Consensus Modelling on Interval-Valued Fuzzy Preference Relations with Normal Distribution

• Main Authors: Lihong Wang, Zaiwu Gong, Ning Zhang
• Format: Article
• Language: English
• Published: Atlantis Press 2018-01-01
• Series: International Journal of Computational Intelligence Systems
• Subjects: Group decision making (GDM); interval-valued fuzzy preference relation; normal distribution; genetic algorithm (GA); group consensus
• Online Access: https://www.atlantis-press.com/article/25892522/view

This paper investigates the consensus decision making problem of the interval-valued fuzzy preference relation with distribution characteristics. The proposed group consensus decision making model is constructed by considering the scenarios in which the DMs are respectively equally and non-equally weighted and the DM’s preferences are randomly distributed.
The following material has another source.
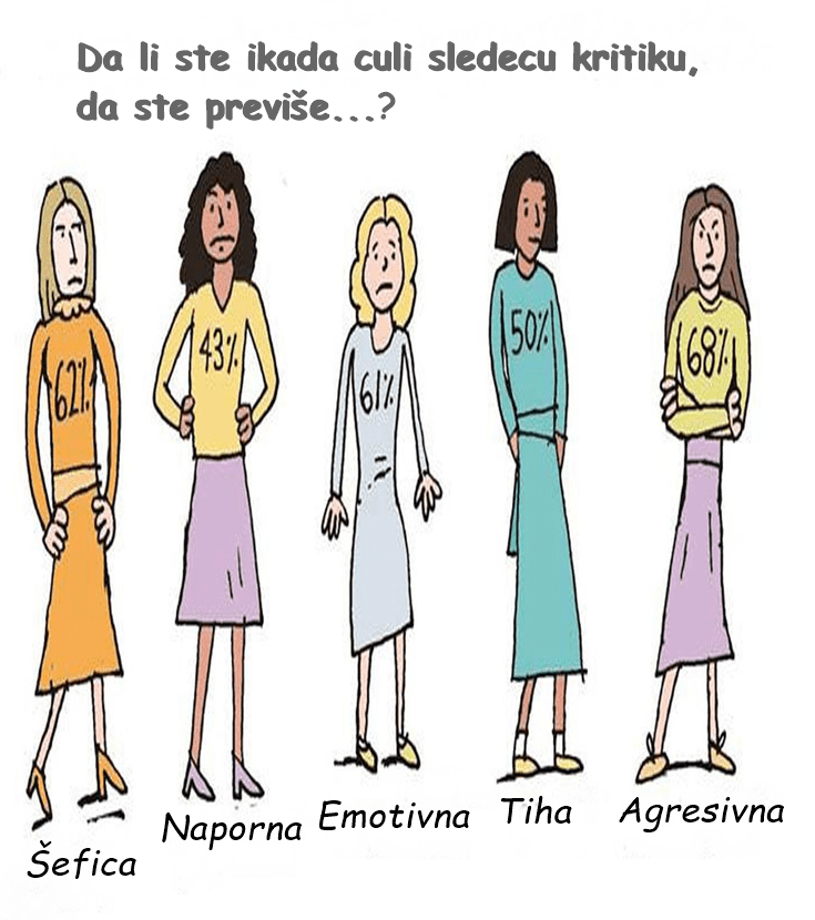 Za žene je veoma teško da odrede granicu između previše ambiciozne i previše slabe. Rečeno im je u 68% slučajeva da su preagresivne; ili previše tihe (50%). Da su sklone šefovskom stavu, čulo je njih 62%, dok su kao previše emotivne, okvalifikovan 61% anketiranih žena.
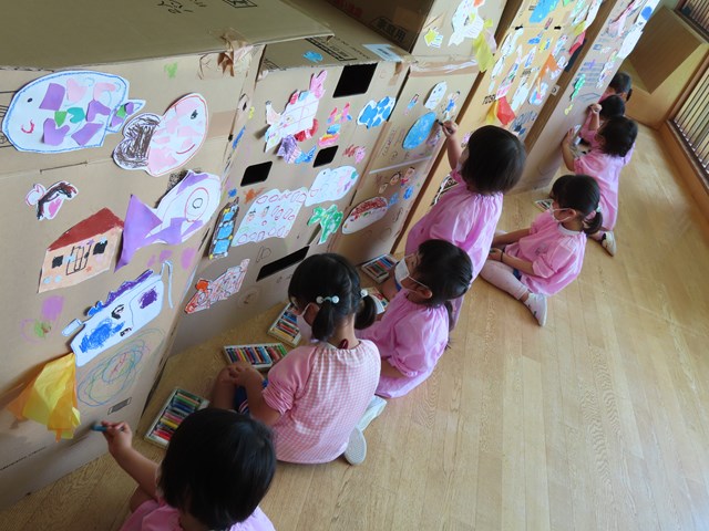 年少組さんはクレヨンで自由自在に落書き!!

The goal is to find the minimum deviation between an ideal DM and all individual DMs. Accordingly, the objective function is the maximum consensus with a certain probability. The interactive process simulates the DM’s uncertainty judgment information more effectively. The Pareto optimization solution derived using a genetic algorithm and Monte Carlo approach is closer to reality. In the process of solving the model in this study, the essence of the Monte Carlo simulation method is an interactive process involving decision information. Therefore, this study provides a reference for the framework and optimization algorithm of the interactive decision support system.